Several (February 09, 2005), Gunscribe had called it a "Broke Bill". This doesn't look good for passage of ANY CCW bill in Nebraska.

However, on April 23, 2005, Gunscribe wrote another article where he asked whether LB454 is "a good law". In answer to the question whether "any bill (permitting CCW) is better than no bill at all", he reiterates his concern, and his outrage that his home state should treat its citizens "like first graders while the rest of the country is already in high school".

Then he finishes the article thus:

Having said all that;

The problem is that there is just not enough interest in CCW by the citizens of Nebraska to pass a good law. That means that a law like this has to be the starting point. Over a period of time, a large part of the population of Nebraska will aquire a license/permit and they will become more interested in the subject.

This interest will make the citizens aware of the differencess (sic) between Nebraska and the other states. Nebraskans, at that point will wake up to the fact that they are under a thumb of oppression not felt in other states. Then and only then will this realization morph into a grassroots effort that it will take to make a silk purse out of the sow's ear that is LB454.

It was with this realization that I, and several other very good people sat before the judiciary committe and testified on behalf of this bill.

Good law?
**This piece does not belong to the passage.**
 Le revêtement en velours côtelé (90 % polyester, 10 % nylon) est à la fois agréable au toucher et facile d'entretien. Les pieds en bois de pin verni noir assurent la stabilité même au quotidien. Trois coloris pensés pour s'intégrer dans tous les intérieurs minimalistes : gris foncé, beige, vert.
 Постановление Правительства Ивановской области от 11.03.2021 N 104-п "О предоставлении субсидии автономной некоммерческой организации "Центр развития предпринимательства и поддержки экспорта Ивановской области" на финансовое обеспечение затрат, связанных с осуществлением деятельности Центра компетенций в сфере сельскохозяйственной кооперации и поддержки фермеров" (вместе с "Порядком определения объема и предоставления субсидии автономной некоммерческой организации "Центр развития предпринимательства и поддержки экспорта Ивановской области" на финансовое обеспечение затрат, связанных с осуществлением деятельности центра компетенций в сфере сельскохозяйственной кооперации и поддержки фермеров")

NO, but it is probably the only way to get the ball rolling in a positive direction.
(Emphasis added)

Since Gunscribe has not only decided NOT to oppose passage, and in fact has actively testified for its passage, the bill may have a good chance of being enacted this year, even admitting that it is flawed.

In May, he wrote extensively about state-wide opposition to the bill (primary coming from state legislators and the Lincoln Journal Star) , noted that 33 votes are needed to bring cloture and were not yet guaranteed, and that the bill had already, AT THIS EARLY DATE, been tabled for the 2006 legislature. (There were only 14 days left in the session as of the May 12 date of this article.)
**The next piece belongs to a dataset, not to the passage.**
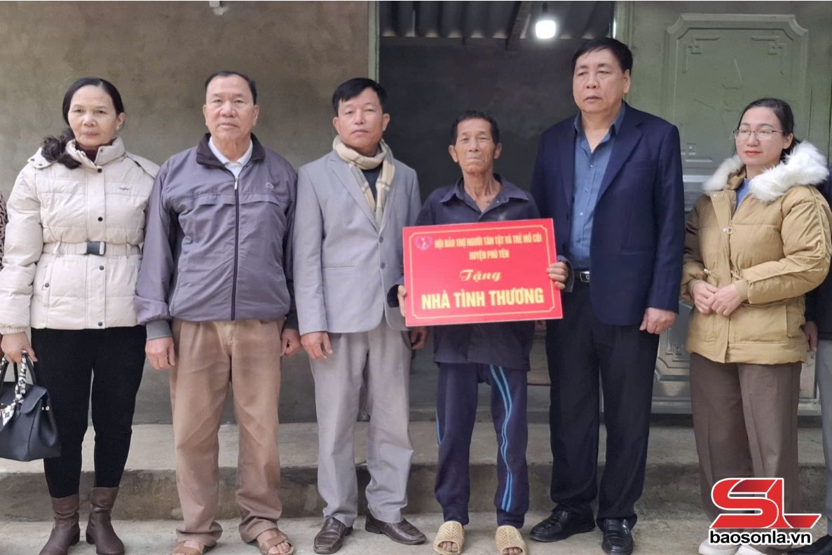 Hội Bảo trợ người tàn tật và trẻ mồ côi huyện Phù Yên bàn giao Nhà tình thương cho ông Sa Văn Thành - Ảnh: Báo Sơn La

I don't know about you, but I'm already confused. I can't keep track of the ball, and I don't know the players. So I decided that, rather than to obfuscate the issue further by trying to follow the action, I would ask the local expert.

I've contacted Gunscribe through his website and asked him to comment on the bill either here or by email to me directly. I hope he will be able to update the situation, and comment on the possibility of the measure being enacted into law, either with or without amendment, in the 2006 session.

When I hear from him, I'll be sure to let you know.